══ Data to use

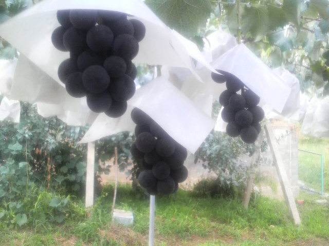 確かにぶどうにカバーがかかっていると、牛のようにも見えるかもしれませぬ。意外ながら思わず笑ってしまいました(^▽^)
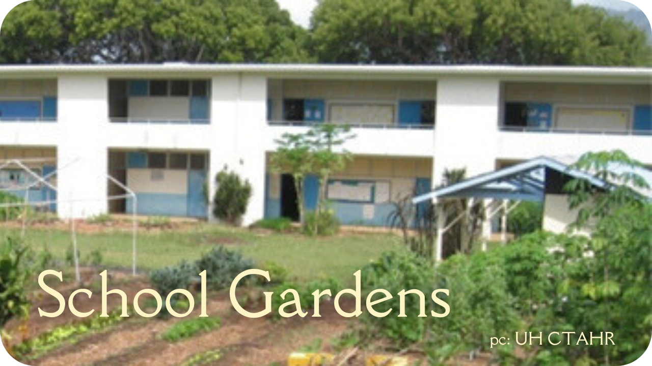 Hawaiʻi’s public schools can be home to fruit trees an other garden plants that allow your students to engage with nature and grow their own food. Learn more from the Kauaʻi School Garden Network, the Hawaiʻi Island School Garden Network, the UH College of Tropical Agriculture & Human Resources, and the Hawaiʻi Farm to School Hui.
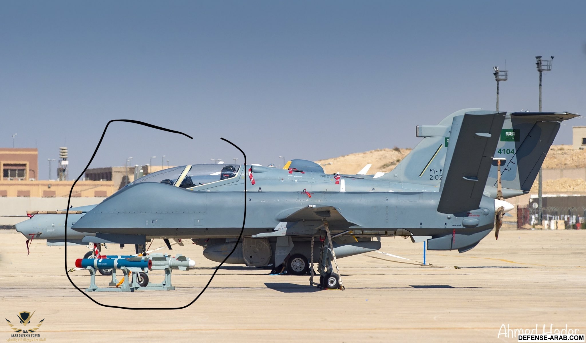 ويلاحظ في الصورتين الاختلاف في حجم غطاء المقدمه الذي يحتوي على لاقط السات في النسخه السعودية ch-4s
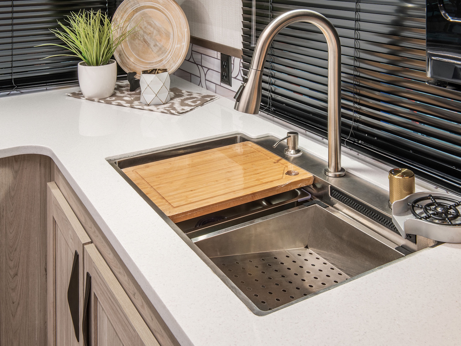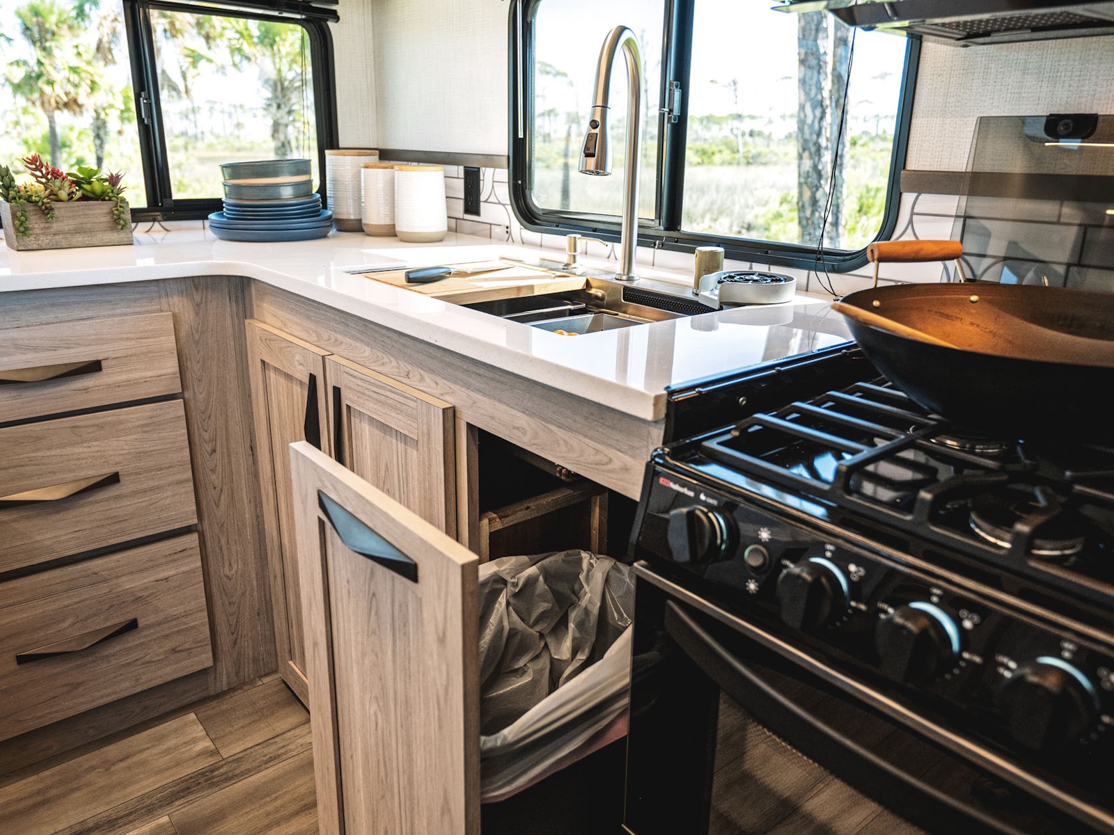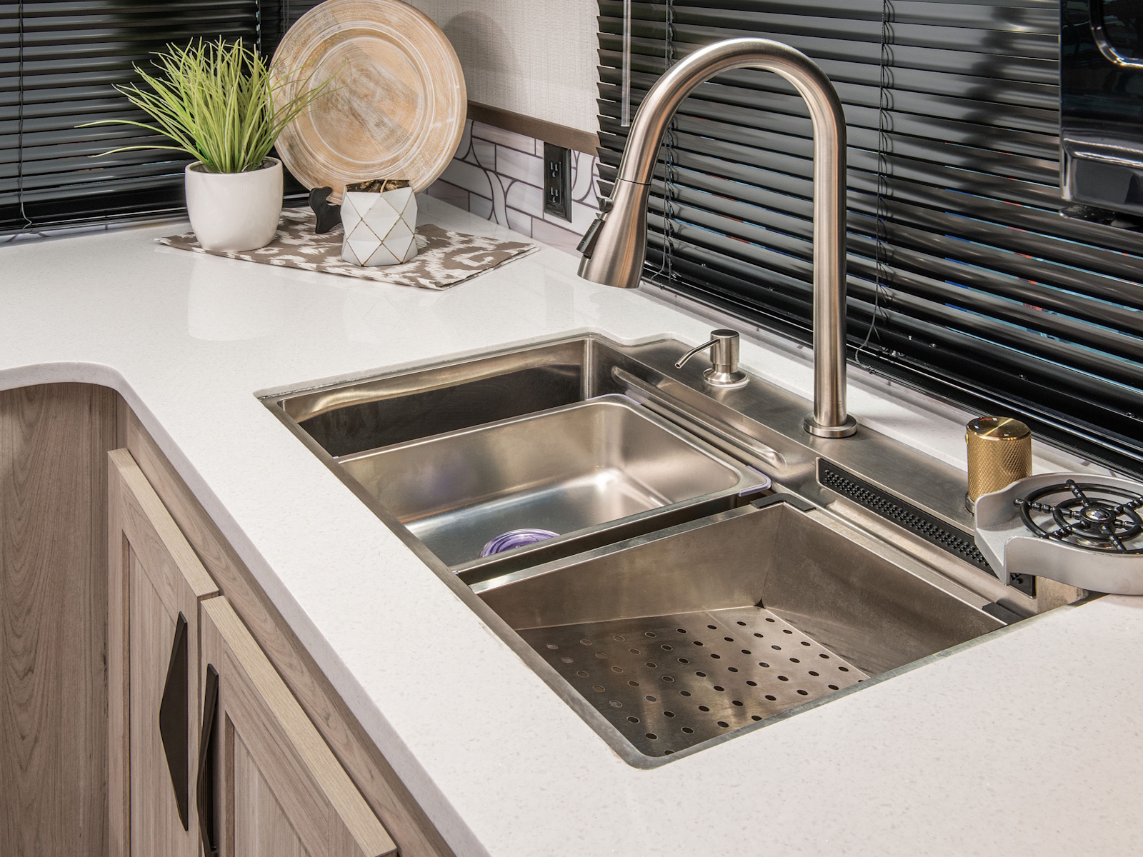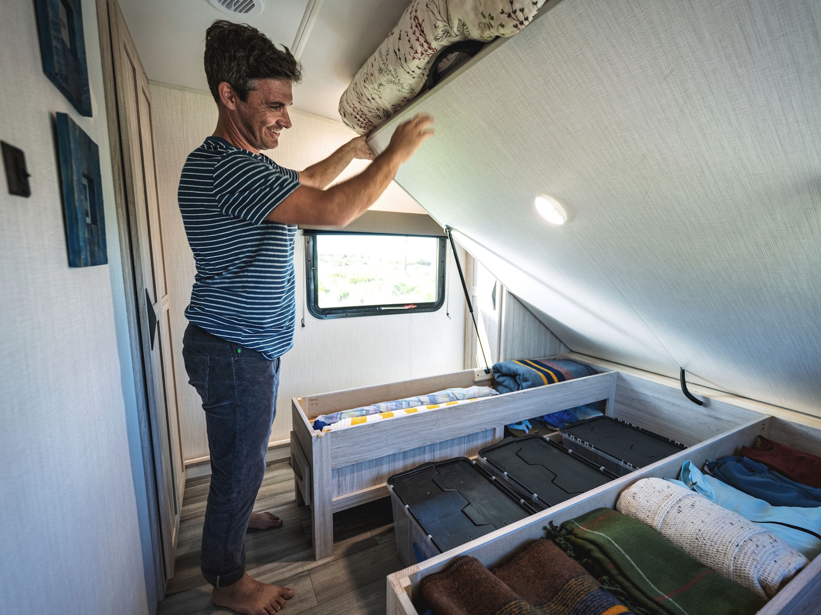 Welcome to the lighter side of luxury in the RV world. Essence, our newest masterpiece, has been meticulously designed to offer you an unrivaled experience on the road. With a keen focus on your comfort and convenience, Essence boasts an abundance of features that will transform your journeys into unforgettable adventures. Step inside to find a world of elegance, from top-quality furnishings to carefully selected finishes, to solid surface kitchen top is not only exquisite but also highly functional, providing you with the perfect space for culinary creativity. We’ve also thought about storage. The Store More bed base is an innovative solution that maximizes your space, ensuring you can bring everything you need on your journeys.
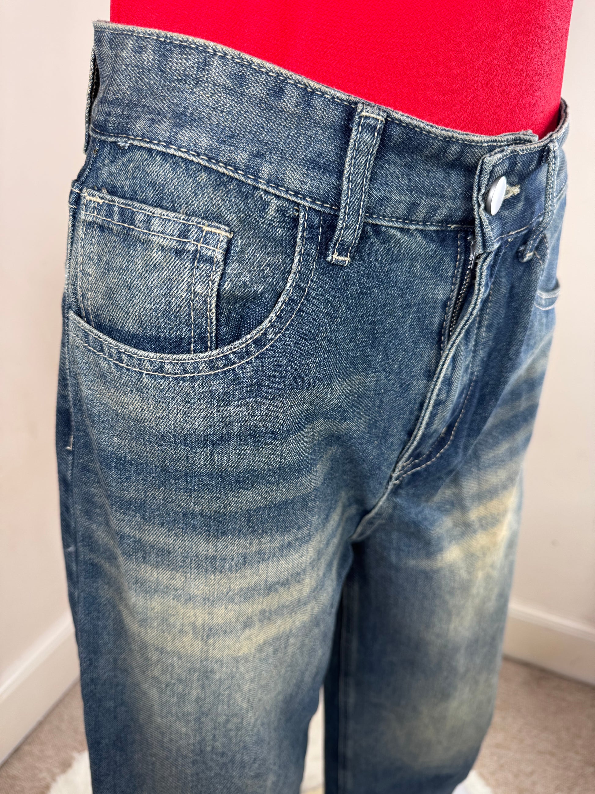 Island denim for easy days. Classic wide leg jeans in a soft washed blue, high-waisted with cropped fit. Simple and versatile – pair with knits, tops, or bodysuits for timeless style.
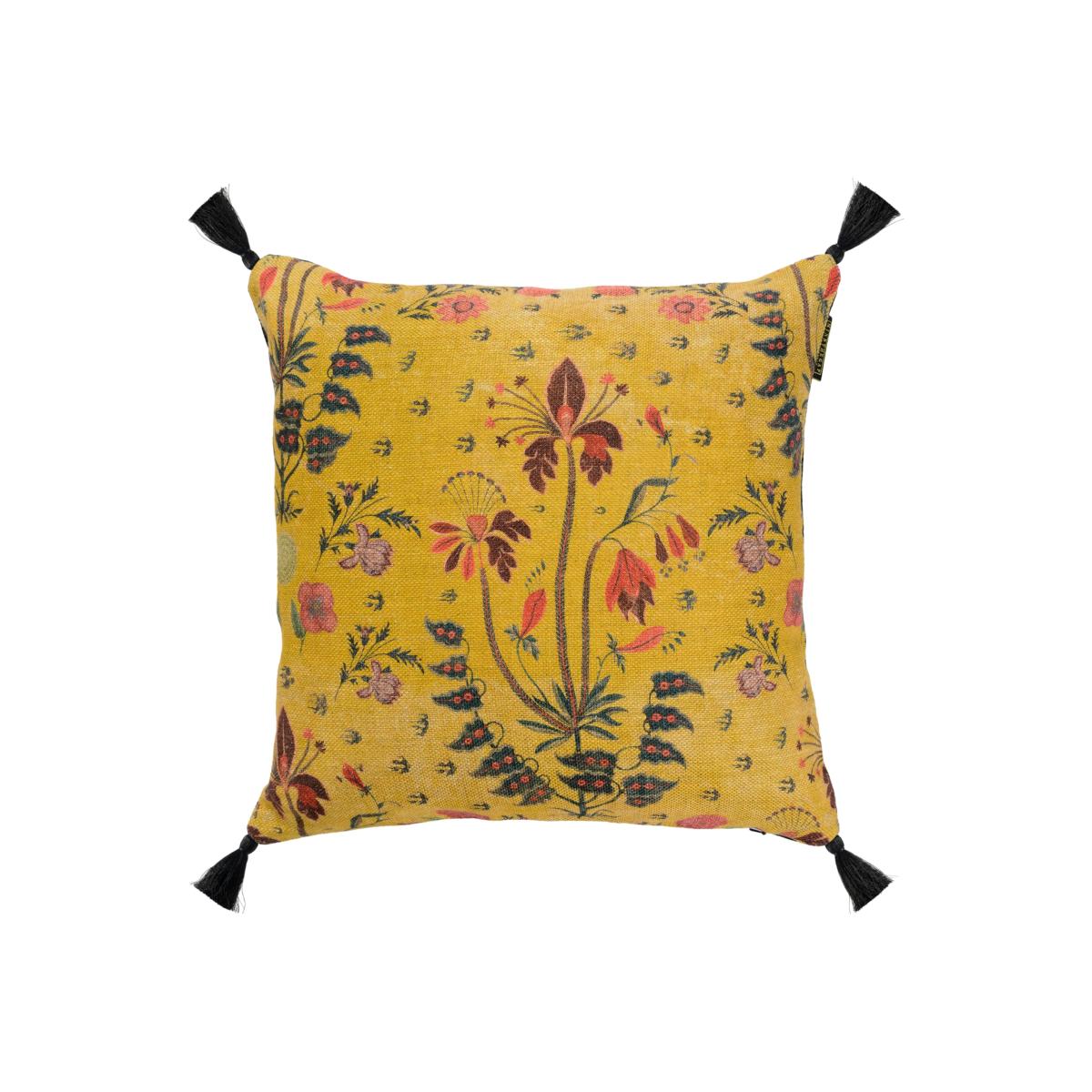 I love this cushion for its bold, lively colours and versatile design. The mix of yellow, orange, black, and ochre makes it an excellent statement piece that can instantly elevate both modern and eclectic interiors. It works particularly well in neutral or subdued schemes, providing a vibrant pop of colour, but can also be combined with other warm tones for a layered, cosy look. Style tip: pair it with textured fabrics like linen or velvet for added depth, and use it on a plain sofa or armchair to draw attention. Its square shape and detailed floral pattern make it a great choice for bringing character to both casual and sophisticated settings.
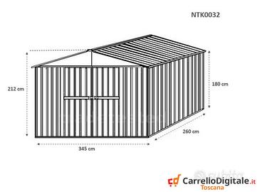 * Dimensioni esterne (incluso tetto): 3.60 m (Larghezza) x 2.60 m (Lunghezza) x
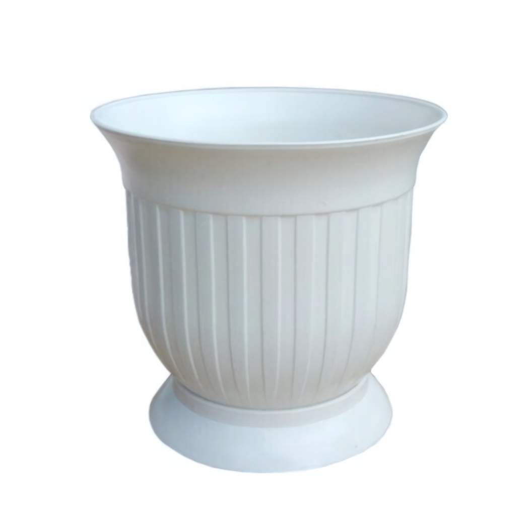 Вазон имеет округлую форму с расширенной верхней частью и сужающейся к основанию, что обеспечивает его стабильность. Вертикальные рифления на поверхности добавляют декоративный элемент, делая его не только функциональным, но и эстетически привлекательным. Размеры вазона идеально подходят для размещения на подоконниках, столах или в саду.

════

Work order: Using the entries above, repeat exactly the lines from the one with "ويلاحظ في الصورتين" to the one with "m (Lunghezza) x", both included, and leave the pictures behind.

Result below:
 ويلاحظ في الصورتين الاختلاف في حجم غطاء المقدمه الذي يحتوي على لاقط السات في النسخه السعودية ch-4s
 Welcome to the lighter side of luxury in the RV world. Essence, our newest masterpiece, has been meticulously designed to offer you an unrivaled experience on the road. With a keen focus on your comfort and convenience, Essence boasts an abundance of features that will transform your journeys into unforgettable adventures. Step inside to find a world of elegance, from top-quality furnishings to carefully selected finishes, to solid surface kitchen top is not only exquisite but also highly functional, providing you with the perfect space for culinary creativity. We’ve also thought about storage. The Store More bed base is an innovative solution that maximizes your space, ensuring you can bring everything you need on your journeys.
 Island denim for easy days. Classic wide leg jeans in a soft washed blue, high-waisted with cropped fit. Simple and versatile – pair with knits, tops, or bodysuits for timeless style.
 I love this cushion for its bold, lively colours and versatile design. The mix of yellow, orange, black, and ochre makes it an excellent statement piece that can instantly elevate both modern and eclectic interiors. It works particularly well in neutral or subdued schemes, providing a vibrant pop of colour, but can also be combined with other warm tones for a layered, cosy look. Style tip: pair it with textured fabrics like linen or velvet for added depth, and use it on a plain sofa or armchair to draw attention. Its square shape and detailed floral pattern make it a great choice for bringing character to both casual and sophisticated settings.
 * Dimensioni esterne (incluso tetto): 3.60 m (Larghezza) x 2.60 m (Lunghezza) x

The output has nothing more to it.